Dass die Löhne langfristig real zunehmen ist in Ordnung, sofern die Wirtschaft wächst. Aber auch dann müssen die Lohnerhöhungen an die Zunahme der Effizienz der Unternehmen gebunden werden. Wenn ein Unternehmen durch Mechanisierung und Automatisierung erreicht, dass die Produktion pro Beschäftigtem zunimmt, ist es logisch, dass die Belegschaft auch davon profitiert und einen höheren Reallohn erhält. Wobei diese Entwicklung auch dazu führen sollte, dass die Preise der Güter, die dabei erzeugt werden, real abnehmen. Die ganze Lohndiskussion muss anders gestaltet werden, damit sie mit Stabilität oder zumindest niedriger Inflation vereinbar ist, Wenn dies nicht verstanden wird, dann ist Hopfen und Malz verloren.

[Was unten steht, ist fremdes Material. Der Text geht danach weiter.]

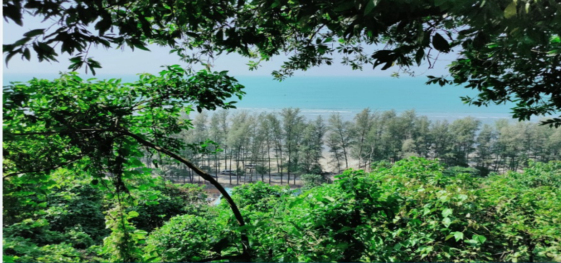
Himchari National Park

🕒 6:30 AM — Watched the sunrise 📷 The calm morning felt magical and peaceful.
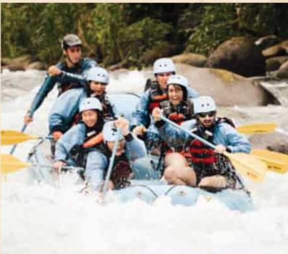
White-water rafting in Costa Rica

Die Inflationsbekämpfung hat, wie aus obiger Darstellung ersichtlich ist, viel mit Politik zu tun. Die wesentlichen Entscheidungen sind politisch, und erfordern von der Regierung Härte und Entschlossenheit, und kommen zunächst bei der Bevölkerung nicht gut an. Erst in einer zweiten Etappe kann die Regierung ernten, was sie gesät hat, nämlich wenn der starke Rückgang der Inflation die Gemüter beruhigt. Alberto Fernández müsste jetzt mit der Inflationsbekämpfung beginnen, um 2023, noch vor den Präsidialwahlen, zu ernten. Doch diese Weitsicht ist ihm nicht zuzumuten. Dazu fehlt ihm der Charakter, die Überzeugung und auch das tiefere Verständnis der Zusammenhänge.